Paul Krugman has been writing (and linking to helpful pieces) about the “missing deflation” of recent years. Despite lots of hand-wringing that activist macroeconomic policy (especially the large degree of easing done by the Federal Reserve) is laying the powder for an explosion of inflation, it’s clear that this is the wrong worry and that the extraordinary degree of economic slack actually argues that disinflation is much more likely, and is actually a problem (by the way, Ken Rogoff is totally right about this one).
But Krugman notes it’s actually a puzzle that disinflation (a reduction in the rate of price-growth) has not been ongoing and has not pushed over into outright deflation (falling prices) like in Japan. And even in Japan, prolonged economic weakness has not led to accelerating deflation, instead their deflation has been slow and steady. So what’s happening?
Krugman and others have usefully pointed to downward nominal wage rigidity as the key reason—for whatever reasons, workers seem to really not like, and employers seem to indulge their preference for, outright nominal wage cuts. Wages holding steady while inflation reduces their purchasing power? That happens—and it’s happening a lot these days. But outright nominal wage reductions are rare, and this rarity could well be providing a (useful) floor to disinflation.

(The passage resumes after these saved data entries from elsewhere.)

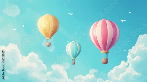 Three pastel-colored hot air balloons float peacefully in a clear blue sky with fluffy white clouds. The scene exudes tranquility and adventure, perfect for themes of travel, exploration, or dreamlike
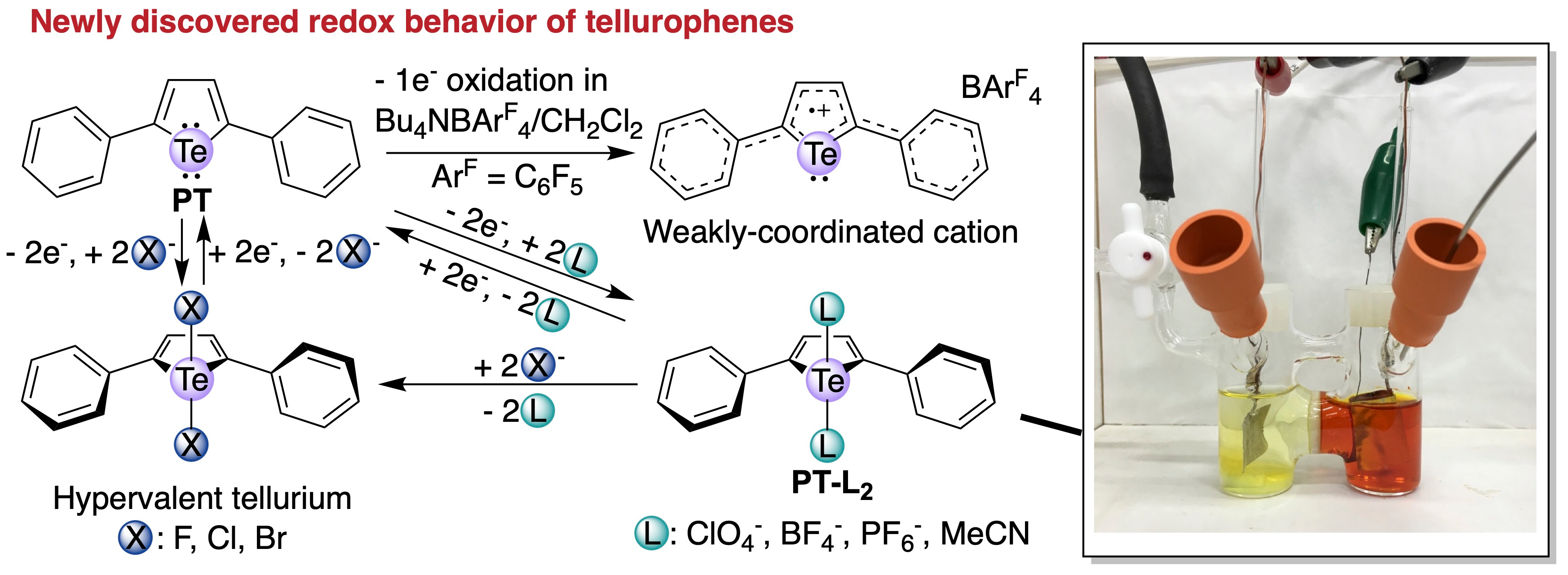 In our latest paper, we have reported the comprehensive study on the redox behavior of tellurium(II)-containing five-membered aromatic ring, tellurophene. This type of motif has attracted significant attention in both organic chemistry and material science.[1] Our collaborator, Prof. Seferos and his co-workers (University of Tronto) have previously reported unique reactions of tellurophene with halogene-based oxidants, such as Br2, ICl and XeF2, tellurophene to form hypervalent Te(IV) state such as PT-X2 (X = F, Cl, Br) as stable compounds. This reaction was also applicable for tellrophenes in conjugated polymeric backbone. However, the electrochemical aspect of redox chemistry of tellurophene has been unexplored.
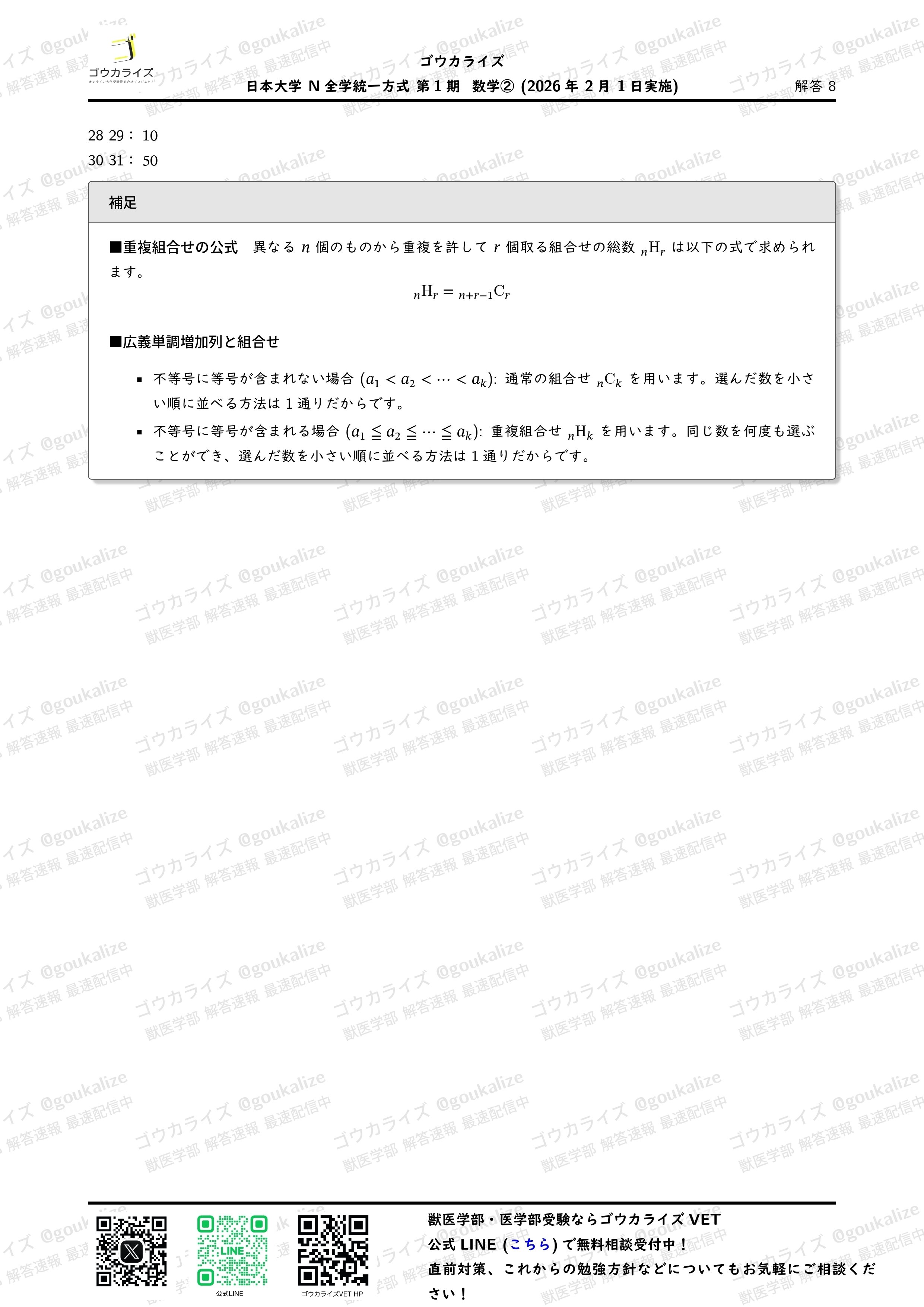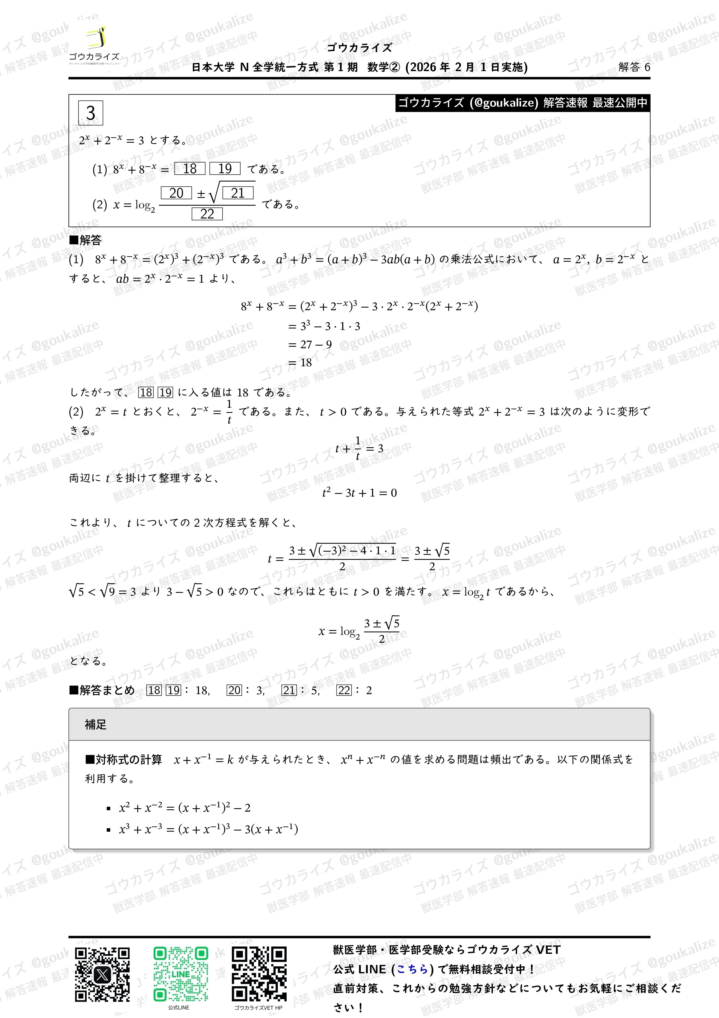#解答速報 #獣医学部 #ゴウカライズ #獣医専門予備校 #入試数学

But, I’d also note something else holding up prices—the determination of the corporate sector to earn historically high profit margins. The Bureau of Economic Analysis (BEA) has a great table on prices and unit labor and profit costs for the non-financial corporate sector, which accounts for just about half of the U.S. economy. In the NFC sector, prices per unit of output since the end of the recession are up just 4.1 percent. But labor costs per unit of output are down by 1.1 percent. Given that labor costs are more than 60 percent of overall prices in the NFC sector and that they’re falling, this must mean some other cost component in the production process with a much smaller share is rising a lot to drive prices up.
Meet corporate profits per unit—up 63 percent (60 percent after-tax) since the recession’s end. In fact, the growth in after-tax corporate profits can explain all of the 4.1 percent price increase between the end of the recession in the middle of 2009 and the end of 2012 (see the figure below for a breakdown).
There are many good reasons to think that upward pressure on prices is a useful thing in the U.S. economy right now, but I’m not sure that rising profits is one of them.